# Diskussion zum Rechtstaat



## Jack85 (6 August 2008)

Schaut euch bitte mal dieses Youtube Video von Akte 08 an.
Die Karriere wenn man das so nennen darf von Frau K.  G. dürfte wohl am Ende sein


----------



## HUmax (6 August 2008)

*AW: Namen und Ahnen.de   ( namen-ahnen.de )*



Jack85 schrieb:


> Die Karriere wenn man das so nennen darf von Frau Katja G. dürfte wohl am Ende sein


Da diese Dame jetzt womöglich auch für die Interserv Ltd., Tortola mahnt, ist es wohl noch nicht soweit. Die Mühlen bei der Rechtsanwaltskammer München scheinen auch recht langsam zu arbeiten.


----------



## Pidder (6 August 2008)

*AW: Namen und Ahnen.de   ( namen-ahnen.de )*



HUmax schrieb:


> Die Mühlen bei der Rechtsanwaltskammer München scheinen auch recht langsam zu arbeiten.

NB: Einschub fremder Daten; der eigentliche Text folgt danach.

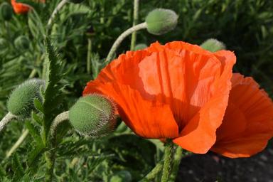 Keywords: poppy orange blossom bloom field of poppies bud sunshine light early summer
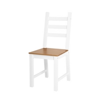 Корпус стула выполнен в белом цвете в сочетании с сиденьем в светло-коричневом оттенке.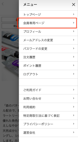 メニューバーを押し、「会員専用ページ」を押します。

Das ist in der Tat ein Rätsel. Aber wer jemals einen Anwalt bei einer Kammer angeschwärzt hat, weiß dass eine Koriphäe der anderen ungern ein Auge aushackt. Ich vermute dass Frau G. in Erwartung ihres Lizenzentzuges das Verfahren mit allen Mitteln der Kunst hinauszögert, um noch möglichst viel abgreifen zu können. Dennoch ist und bleibt auch sie selbst ein zahnloser Tiger, der über ein wenig Drohgebärde und Säbelgerassel nicht hinauskommt.


----------



## rds-werner (6 August 2008)

*AW: Namen und Ahnen.de   ( namen-ahnen.de )*

Ja leider mahlen die Mühlen in Bayern sehr langsam.Woran liegts,kommt vielleicht vom Einparteienstaat? Am besten unter der Rubrik königlich-
bayerisches Amtsgericht nachschauen. Wobei man wieder sagen muß 
langsam aber gründlicher,meistens.Wiederum kann man nicht sagen wie weit da wieder der Filz klebt.


----------



## HUmax (6 August 2008)

*AW: Namen und Ahnen.de   ( namen-ahnen.de )*



rds-werner schrieb:


> Ja leider mahlen die Mühlen in Bayern sehr langsam.Woran liegts,kommt vielleicht vom Einparteienstaat?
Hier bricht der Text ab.